Work task — Print every entry below exactly, leaving out the pictures.

*** Opening of Exercise data ***

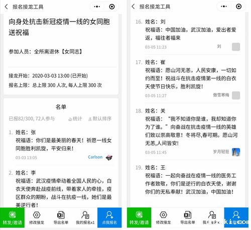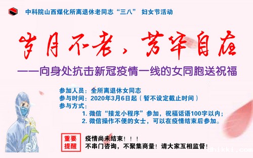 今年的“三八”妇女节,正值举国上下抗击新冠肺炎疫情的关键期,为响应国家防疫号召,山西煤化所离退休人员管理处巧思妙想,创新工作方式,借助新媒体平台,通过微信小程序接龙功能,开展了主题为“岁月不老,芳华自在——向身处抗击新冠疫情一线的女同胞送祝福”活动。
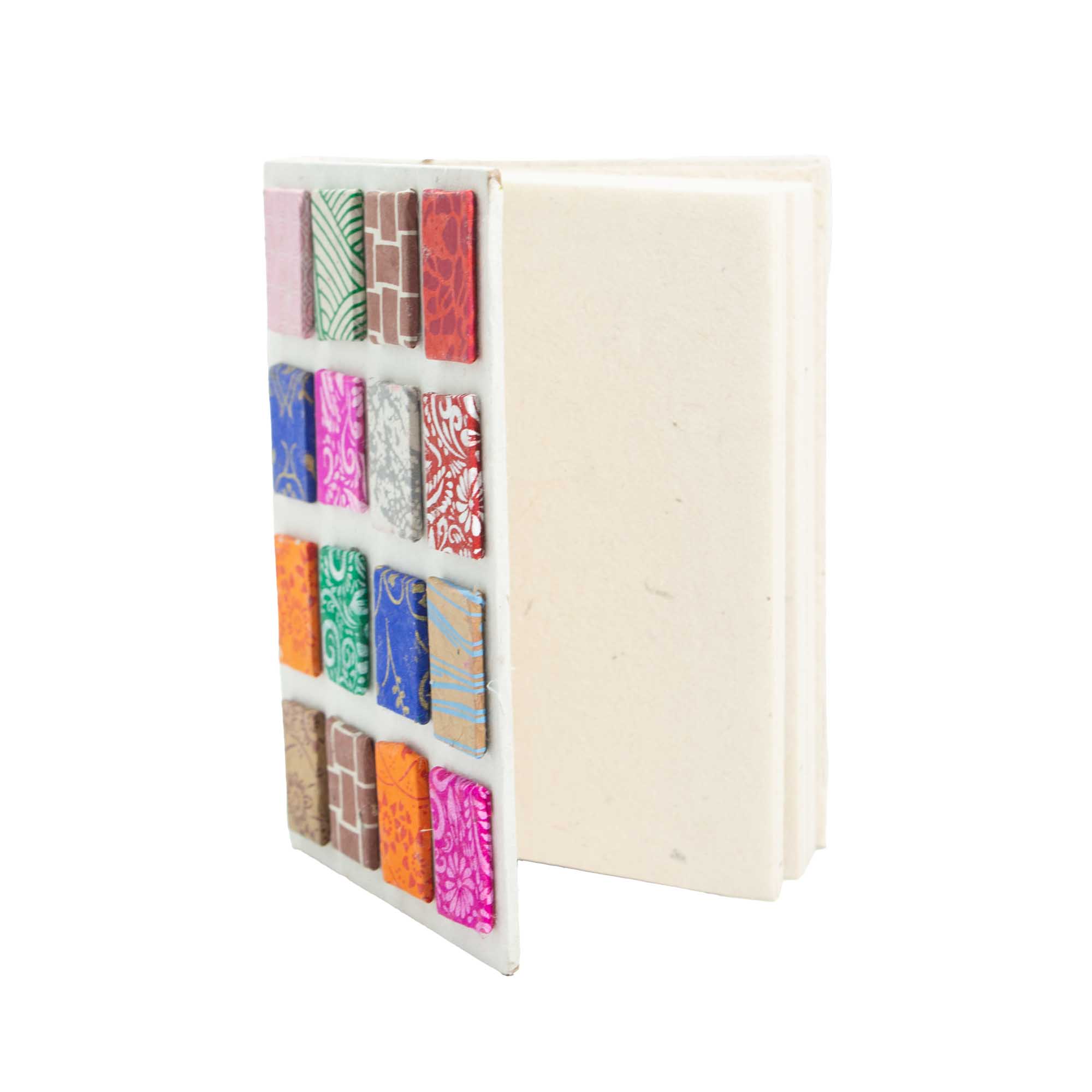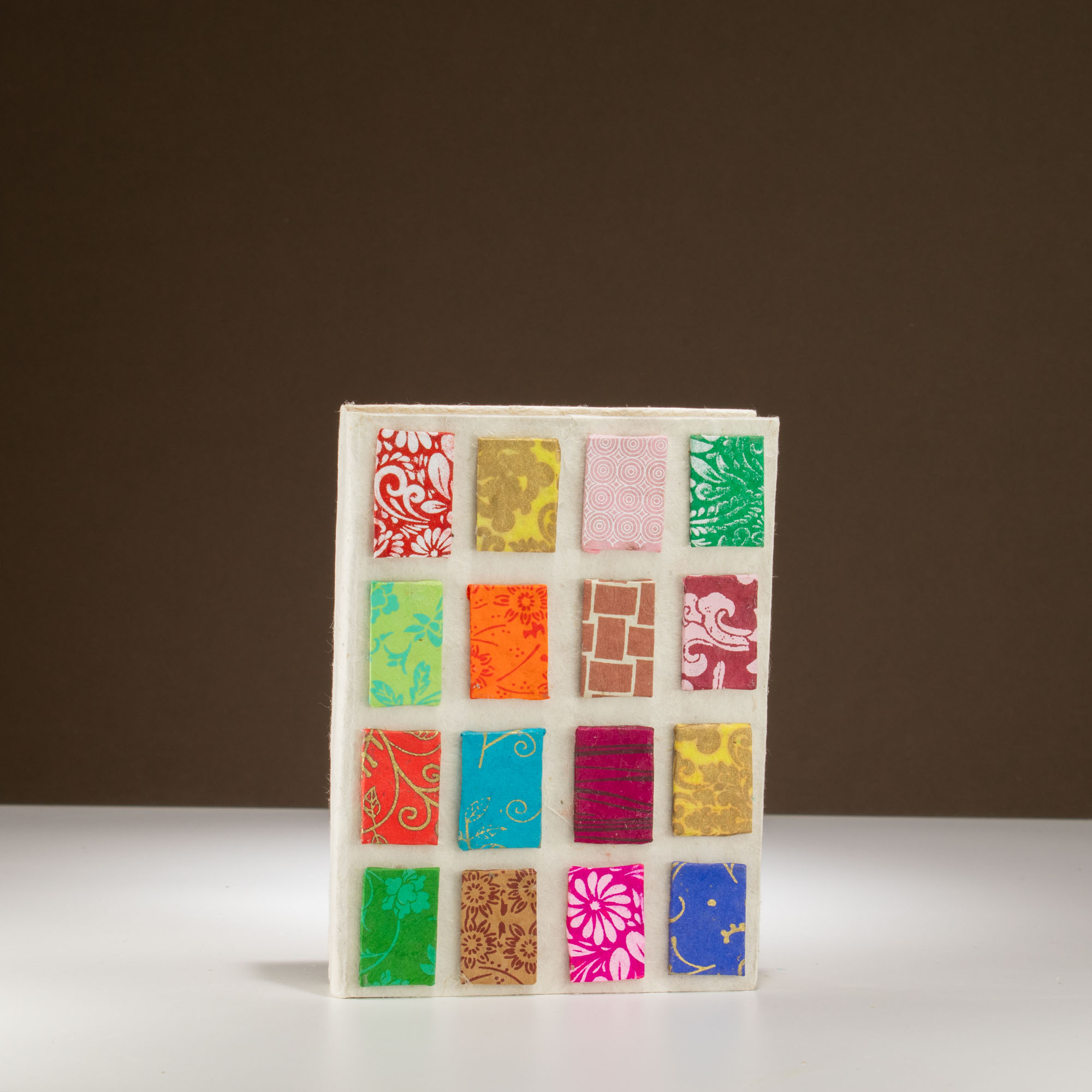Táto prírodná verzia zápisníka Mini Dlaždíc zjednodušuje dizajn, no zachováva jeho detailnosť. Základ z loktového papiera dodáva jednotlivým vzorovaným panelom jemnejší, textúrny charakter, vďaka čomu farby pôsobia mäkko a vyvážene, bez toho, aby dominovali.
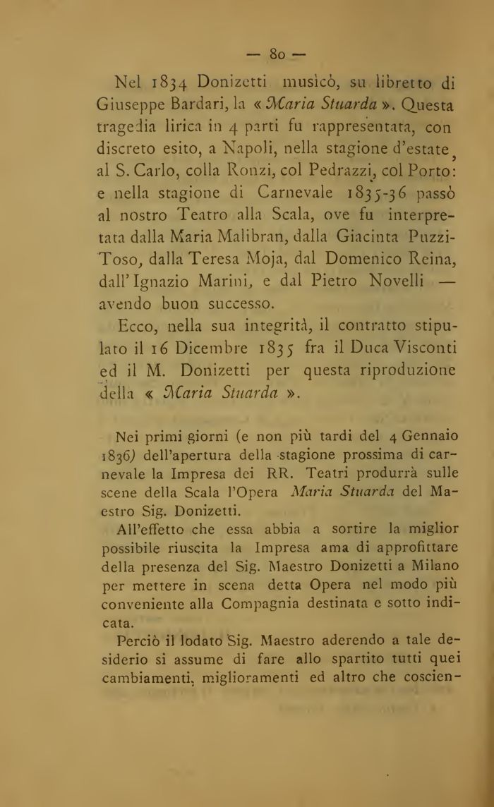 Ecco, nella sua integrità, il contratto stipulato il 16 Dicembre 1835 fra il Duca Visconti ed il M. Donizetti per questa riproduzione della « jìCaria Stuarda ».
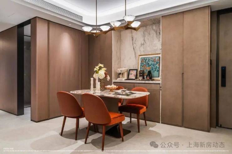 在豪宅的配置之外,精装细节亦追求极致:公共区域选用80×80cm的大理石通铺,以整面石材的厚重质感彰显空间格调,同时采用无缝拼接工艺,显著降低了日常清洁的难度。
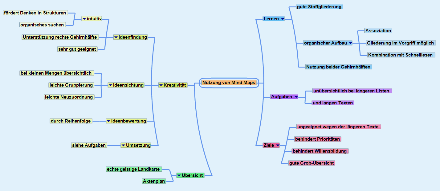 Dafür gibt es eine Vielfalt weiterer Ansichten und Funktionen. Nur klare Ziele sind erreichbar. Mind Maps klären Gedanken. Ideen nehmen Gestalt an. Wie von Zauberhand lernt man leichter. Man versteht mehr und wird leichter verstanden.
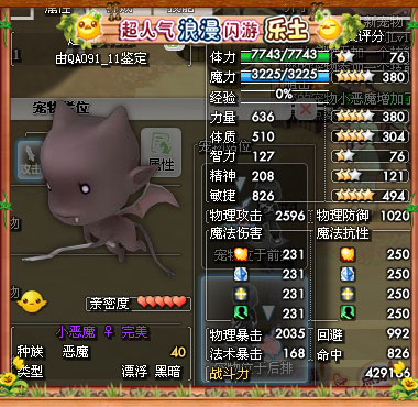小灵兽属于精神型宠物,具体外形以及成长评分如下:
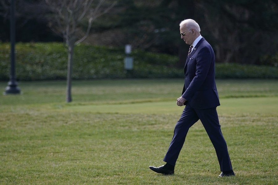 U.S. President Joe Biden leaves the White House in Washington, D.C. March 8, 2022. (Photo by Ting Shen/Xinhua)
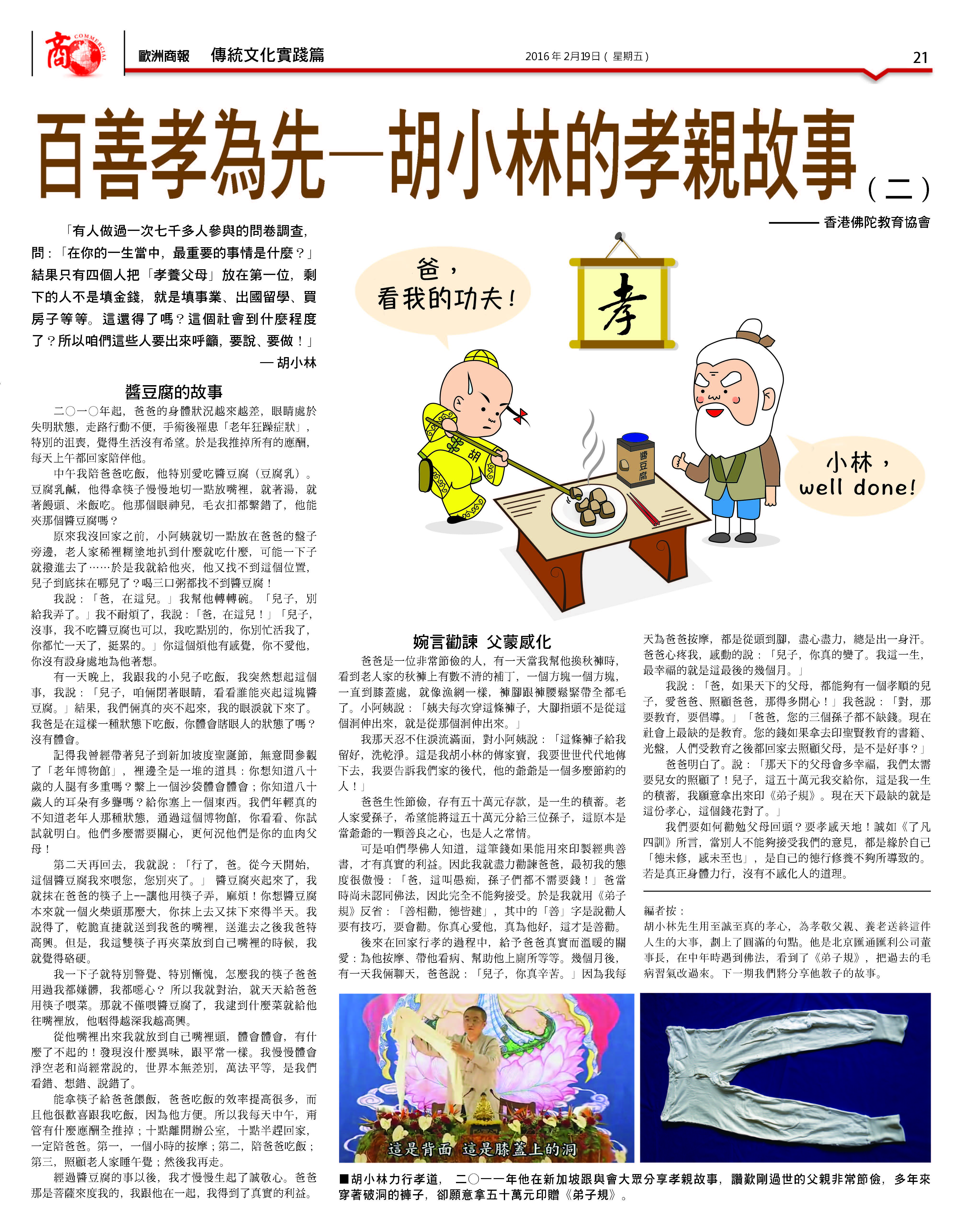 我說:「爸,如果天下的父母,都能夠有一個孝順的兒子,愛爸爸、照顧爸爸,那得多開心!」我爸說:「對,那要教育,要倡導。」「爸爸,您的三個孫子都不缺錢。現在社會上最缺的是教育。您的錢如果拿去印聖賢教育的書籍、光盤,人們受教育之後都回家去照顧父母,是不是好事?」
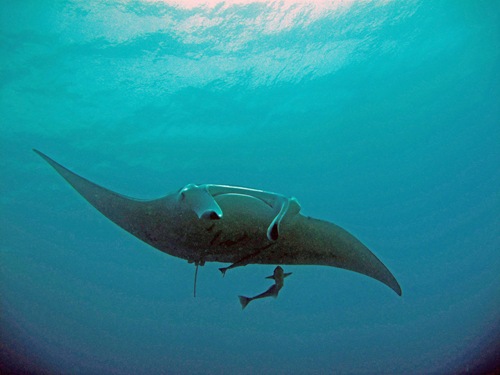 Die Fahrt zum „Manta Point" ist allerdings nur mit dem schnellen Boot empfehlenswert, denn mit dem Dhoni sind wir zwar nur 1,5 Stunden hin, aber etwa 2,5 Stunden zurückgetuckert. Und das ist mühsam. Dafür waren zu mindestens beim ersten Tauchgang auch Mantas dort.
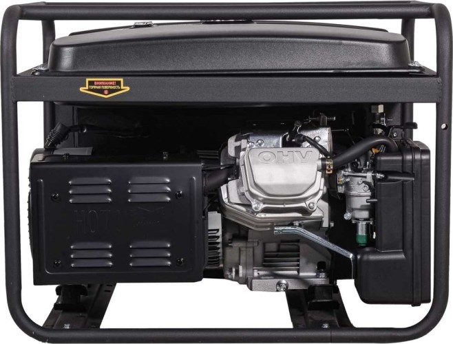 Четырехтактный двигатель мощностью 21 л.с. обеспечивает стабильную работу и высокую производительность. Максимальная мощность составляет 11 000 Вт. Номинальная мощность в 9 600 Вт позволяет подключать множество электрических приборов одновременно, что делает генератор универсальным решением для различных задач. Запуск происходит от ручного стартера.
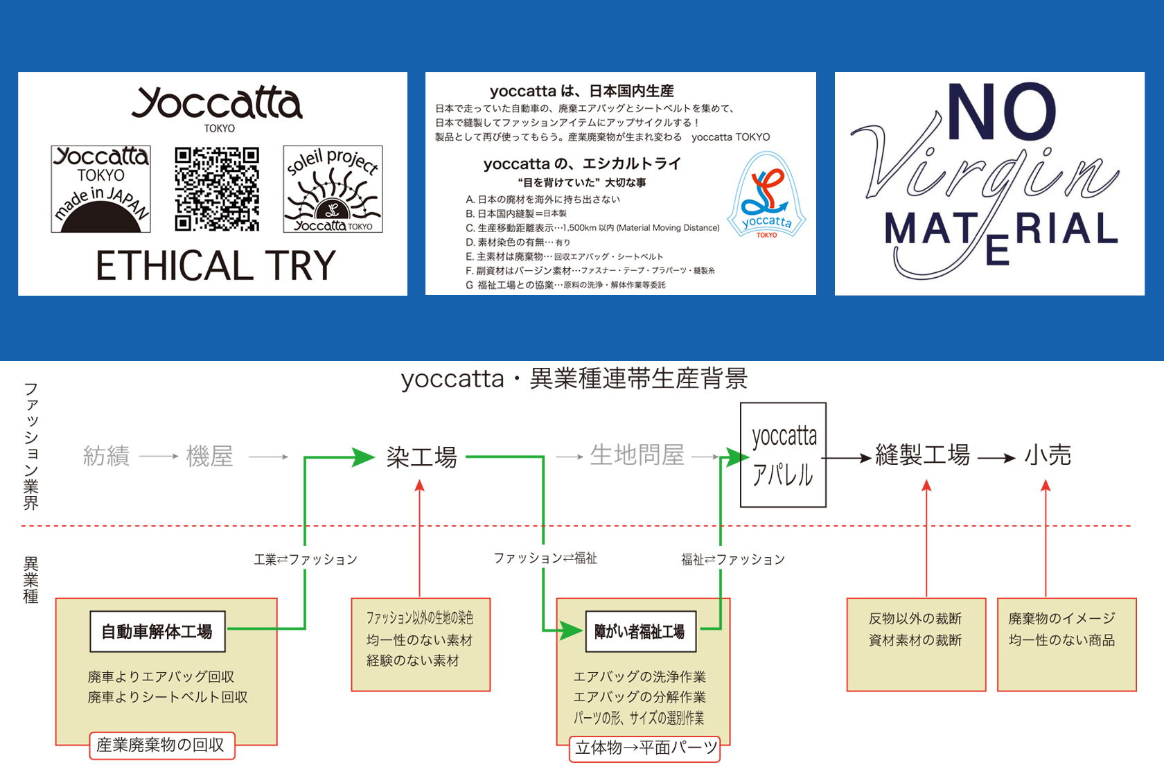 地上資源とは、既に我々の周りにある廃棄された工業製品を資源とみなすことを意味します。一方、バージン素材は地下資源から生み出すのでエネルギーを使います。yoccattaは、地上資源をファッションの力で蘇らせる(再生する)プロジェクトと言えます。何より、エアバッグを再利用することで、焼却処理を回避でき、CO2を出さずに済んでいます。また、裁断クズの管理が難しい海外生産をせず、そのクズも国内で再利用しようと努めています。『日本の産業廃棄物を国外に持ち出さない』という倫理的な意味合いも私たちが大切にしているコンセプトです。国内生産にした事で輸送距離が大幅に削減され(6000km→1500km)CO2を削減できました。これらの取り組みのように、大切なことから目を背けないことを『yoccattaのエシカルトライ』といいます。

*** Close of Exercise data ***

Result for this task —
 今年的“三八”妇女节,正值举国上下抗击新冠肺炎疫情的关键期,为响应国家防疫号召,山西煤化所离退休人员管理处巧思妙想,创新工作方式,借助新媒体平台,通过微信小程序接龙功能,开展了主题为“岁月不老,芳华自在——向身处抗击新冠疫情一线的女同胞送祝福”活动。
Táto prírodná verzia zápisníka Mini Dlaždíc zjednodušuje dizajn, no zachováva jeho detailnosť. Základ z loktového papiera dodáva jednotlivým vzorovaným panelom jemnejší, textúrny charakter, vďaka čomu farby pôsobia mäkko a vyvážene, bez toho, aby dominovali.
 Ecco, nella sua integrità, il contratto stipulato il 16 Dicembre 1835 fra il Duca Visconti ed il M. Donizetti per questa riproduzione della « jìCaria Stuarda ».
 在豪宅的配置之外,精装细节亦追求极致:公共区域选用80×80cm的大理石通铺,以整面石材的厚重质感彰显空间格调,同时采用无缝拼接工艺,显著降低了日常清洁的难度。
 Dafür gibt es eine Vielfalt weiterer Ansichten und Funktionen. Nur klare Ziele sind erreichbar. Mind Maps klären Gedanken. Ideen nehmen Gestalt an. Wie von Zauberhand lernt man leichter. Man versteht mehr und wird leichter verstanden.
小灵兽属于精神型宠物,具体外形以及成长评分如下:
 U.S. President Joe Biden leaves the White House in Washington, D.C. March 8, 2022. (Photo by Ting Shen/Xinhua)
 我說:「爸,如果天下的父母,都能夠有一個孝順的兒子,愛爸爸、照顧爸爸,那得多開心!」我爸說:「對,那要教育,要倡導。」「爸爸,您的三個孫子都不缺錢。現在社會上最缺的是教育。您的錢如果拿去印聖賢教育的書籍、光盤,人們受教育之後都回家去照顧父母,是不是好事?」
 Die Fahrt zum „Manta Point" ist allerdings nur mit dem schnellen Boot empfehlenswert, denn mit dem Dhoni sind wir zwar nur 1,5 Stunden hin, aber etwa 2,5 Stunden zurückgetuckert. Und das ist mühsam. Dafür waren zu mindestens beim ersten Tauchgang auch Mantas dort.
 Четырехтактный двигатель мощностью 21 л.с. обеспечивает стабильную работу и высокую производительность. Максимальная мощность составляет 11 000 Вт. Номинальная мощность в 9 600 Вт позволяет подключать множество электрических приборов одновременно, что делает генератор универсальным решением для различных задач. Запуск происходит от ручного стартера.
 地上資源とは、既に我々の周りにある廃棄された工業製品を資源とみなすことを意味します。一方、バージン素材は地下資源から生み出すのでエネルギーを使います。yoccattaは、地上資源をファッションの力で蘇らせる(再生する)プロジェクトと言えます。何より、エアバッグを再利用することで、焼却処理を回避でき、CO2を出さずに済んでいます。また、裁断クズの管理が難しい海外生産をせず、そのクズも国内で再利用しようと努めています。『日本の産業廃棄物を国外に持ち出さない』という倫理的な意味合いも私たちが大切にしているコンセプトです。国内生産にした事で輸送距離が大幅に削減され(6000km→1500km)CO2を削減できました。これらの取り組みのように、大切なことから目を背けないことを『yoccattaのエシカルトライ』といいます。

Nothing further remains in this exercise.